W perspektywie kolejnych okresów szansy na rozwój sprzedaży zarząd upatruje w rosnących segmentach rynku oponiarskiego. – W 2018 roku w Europie popyt na opony do aut osobowych utrzymał się na poziomie zbliżonym do roku ubiegłego. Bardzo dynamicznie rosną zaś niektóre z jego segmentów, jak np. popyt na opony całoroczne czy też opony o wyższych średnicach – zwraca uwagę szef firmy.
Równocześnie spółka wiąże duże nadzieje z rosnącym rynkiem opon do samochodów ciężarowych. – W segmencie opon do samochodów ciężarowych i autobusów obserwowaliśmy solidny wzrost potencjału, zarówno w Polsce, jak i w Europie, który spowodowany był dobrą koniunkturą i ciągle rosnącym popytem na usługi transportowe – dodaje Szafran.
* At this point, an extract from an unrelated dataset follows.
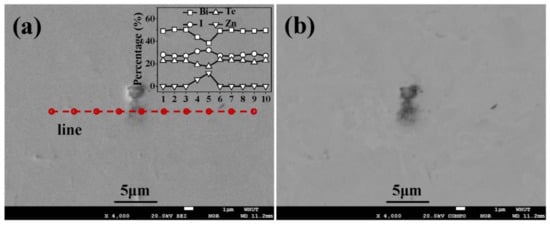 (a) Secondary electron image and (b) backscattered electron image of a large Zn-rich area on Zn0.015Bi2TeI sample. The elemental distribution along the line marked in (a) is also presented.

W 2018 r. wydatki inwestycyjne Dębicy wyniosły 80,5 mln zł. Przeznaczono je głównie na modernizację procesu produkcji. – Dzięki realizowanym inwestycjom zwiększamy także nasze zdolności do produkcji równie dochodowych opon o coraz większych średnicach osadzenia, nie zapominając jednak o innych rozmiarach, na które nadal jest bardzo duży popyt na rynku samochodów osobowych. W 2018 r. zwiększyliśmy także produkcję opon trafiających na pierwsze wyposażenie nowych samochodów wiodących koncernów motoryzacyjnych – wyjaśnia prezes.
Oponiarska spółka w 2018 r. wypracowała 89,7 mln zł zysku netto, o 25 proc. mniej niż rok wcześniej. Zysk operacyjny obniżył się o prawie 19 proc. osiągając poziom 99,6 mln zł. Przychody ze sprzedaży wyniosły 1,93 mld zł i były nieznacznie niższe niż przed rokiem. Spółka łącznie sprzedała prawie 16,4 mln sztuk opon, co oznacza wzrost o 4,2 proc. względem 2017 r.